One option to overcome the need for programming skills is to provide graphical programming tools that even non-computer scientists can intuitively use. In this paper we will present our graphical program editor Grappa (Graphical Program Editor for Alida). Grappa allows to design workflows from individual image analysis operators and plugins in a graphical manner. It adopts the JGraph library for graph editing and visualization. Operators and plugins are associated with nodes of the graph, and processing pipelines are defined by linking nodes with directed edges.

A graphical editor for ImageJ will only gain broad acceptance if it offers ImageJ's full functionality. At the same time the effort for developers to make all functionality available should be minimal.

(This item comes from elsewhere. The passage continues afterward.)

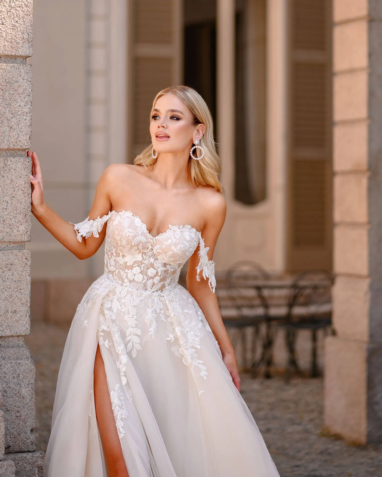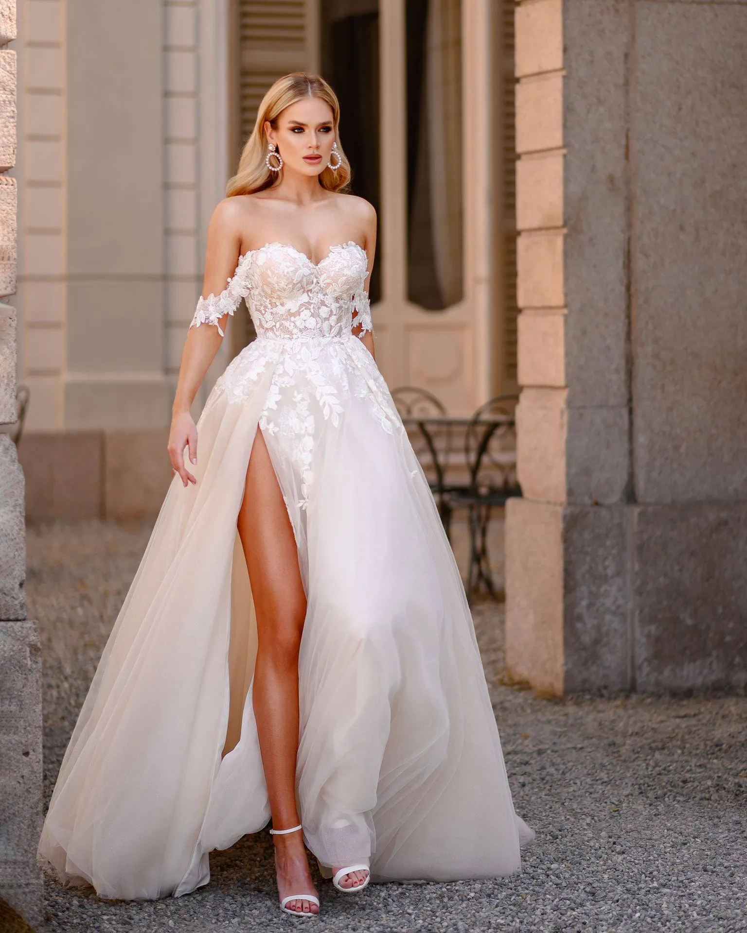 Le haut de la robe Sunita se distingue par un décolleté bateau, une coupe intemporelle qui met en valeur le port de tête et la finesse des épaules. Des applications de dentelle florale, finement travaillées, ornent ce décolleté et descendent gracieusement jusqu’à la taille, ajoutant une touche romantique et sophistiquée.

While the puristic plugin interface in ImageJ renders external access to its functionality difficult, one of the main targets of the ImageJDev project developing ImageJ 2.0 is exactly to unify parameter declarations of plugins to ease external access.

Grappa is built on top of Alida, a library which follows similar aims and design principles as ImageJ 2.0.

It defines operators as basic units for image analysis. As each operator extends a common super class and annotates its parameters, Alida is able to offer generic mechanisms for operator configuration and execution. This is, e.g., the basis for fully automatic generation of GUIs and ImageJ plugins for operators.

Likewise, each Alida operator (and each Image 2.0 plugin) is automatically exported as a node in Grappa.

By linking nodes with edges workflows are defined, where Alida's standardized parameter annotation allows for instantaneous type checking. Parameter configuration and result visualization after execution are both accomplished graphically adopting Alida's generic I/O mechanisms.

In comparison to other tools for graphical programming Grappa is tuned to a minimum of developer effort.

E.g., while ImageFlow requires to represent ImageJ functionality explicitly in terms of XML specifications, Grappa takes advantage of Alida's and ImageJ 2.0's annotations and automatically includes new plugins and operators. KNIME features advanced workflow design, but to account for the specific needs of image analysis is not straightforward, while Alida may easily be extended to support new data types.

Grappa is under active development and available as prototypical plugin for ImageJ and ImageJ 2.0. While the first one supports only Alida operators, the latter one is capable of also handling ImageJ 2.0 plugins natively.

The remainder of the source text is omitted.